This fantastically evocative sculpture by Zenos Frudakis also simply known as ‘Freedom’ is a statement about the struggle for achievement of freedom through the creative process. It depicts a human figure evolving and emerging from cocoon-like beginnings in a wall, until three iterations later it runs free, arms aloft across the pavement.
Zenos’ father was born in Greece, emigrating to the US as a young boy. As the oldest of 5 children, Zenos, born in 1951 in San Francisco to Greek musician and poet Vasilis Frudakis and Kassiani Alexis was raised in Wheeling, West Virginia and Gary, Indiana where he worked in the steel mills. Surrounded by Greek culture, Zenos was drawn to Greek sculpture.

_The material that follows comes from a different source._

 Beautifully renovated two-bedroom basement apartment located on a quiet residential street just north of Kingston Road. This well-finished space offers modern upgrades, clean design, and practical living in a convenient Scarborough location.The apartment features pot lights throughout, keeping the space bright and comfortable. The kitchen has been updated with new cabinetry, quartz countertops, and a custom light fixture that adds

This piece, in bronze is 20 feet long and 8 feet high and was unveiled at the GSK World Headquarters in 2001.
Zenos himself is based in Philadelphia and explains a little of how he created this sculpture;
I began this work in a very traditional sculptural manner by creating a small model in clay called a macquette. The purpose of beginning in this manner is to capture the large action and major proportions of the figure within the overall design without any details to detract from the big idea.

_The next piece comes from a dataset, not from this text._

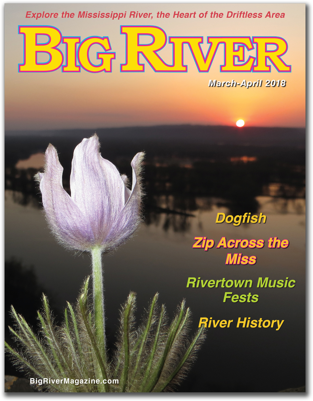 The panoramic scene is best captured in the early morning or late evening, when the sun turns the surrounding bluffs into a gilded paradise. If you feel adventurous, hike from Camp Hennessy to the overlook at night to enjoy the fantastic view of a thousand twinkling stars over the Mississippi. In the early spring, wander the ridge to find pasque flowers or prickly pear cacti growing on the dry rock outcrops. Then kick back and soak up the sun on the ridge top in a sea of prairie grass. Keep your eyes focused on the big blue skies for the fastest bird on earth, the peregrine falcon. In spring, peregrines, or “long-wings” as they are called, launch into remarkable aerial flights and courtship calls along the Upper Mississippi bluffs. After courtship, they nest in steep rock outcrops along the river. Falcon males are a third smaller than females. In their affinity for peregrines, Woodland cultures built bird effigy mounds near peregrine eyrie sites. Two effigy mounds north of Paint Rock closely resemble a pair of raptors side by side, with one of the birds having a wingspan of 227 feet while the other is about a third smaller — 141 feet. We continue to honor the peregrine falcon, on the Iowa Hawkeyes logo. In the 1960s, due to the use of DDT, peregrines disappeared from the Mississippi River valley. They were listed as a federally endangered species until 1999. In 2000, wild peregrines began reproducing again along the valley for the first time in over three decades. Now 21 pairs nest in Iowa, with 17 of them on the Mississippi. A backpack trek uphill can be a physical and emotional challenge, but falling asleep fireside under a blanket of stars, then greeting the sunrise on a rocky summit is a more than ample reward. A visit to a place like Paint Rock encourages us to walk in gratitude and celebrate our connection to this beautiful and mysterious Earth. # Brian Gibbs lives in Elkader, Iowa. This is his first story for Big River. March-April 2018 © Big River Magazine |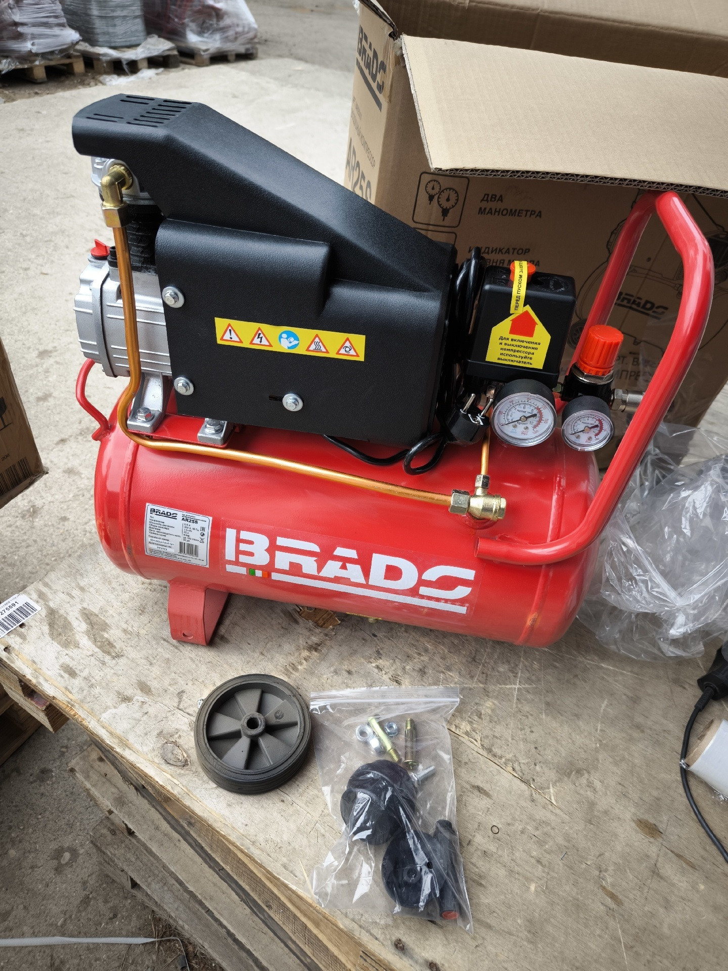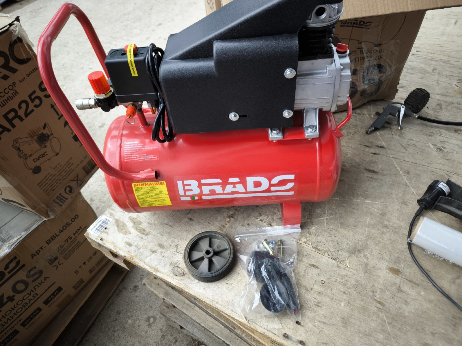 Воздушный компрессор BRADO AR25S новый, повреждена упаковка, 1 транспрот. колесо, см фото 22.05.25 Артикул: BAR25S.00

The macquette is the original mass of clay where a concept is born and from which it grows and develops. This was important later when I enlarged the sculpture from several inches long to 20 feet long.
Although there are four figures represented, the work is really one figure moving from left to right. The composition develops from left to right beginning with a kind of mummy/death like captive figure locked into its background. In the second frame, the figure, reminiscent of Michaelangelo’s Rebellious Slave, begins to stir and struggle to escape. The figure in the third frame has torn himself from the wall that held him captive and is stepping out, reaching for freedom. In the fourth frame, the figure is entirely free, victorious, arms outstretched, completely away from the wall and from the grave space he left behind. He evokes an escape from his own mortality.
I have hidden many things in the background for people who see the sculpture more than once to discover, such as a cast of coins – a nickel and two pennies, another nickel and two pennies, and two quarters and a penny. These represent not only the relationship between money and art, but the numerals 7-7-51, my birth date.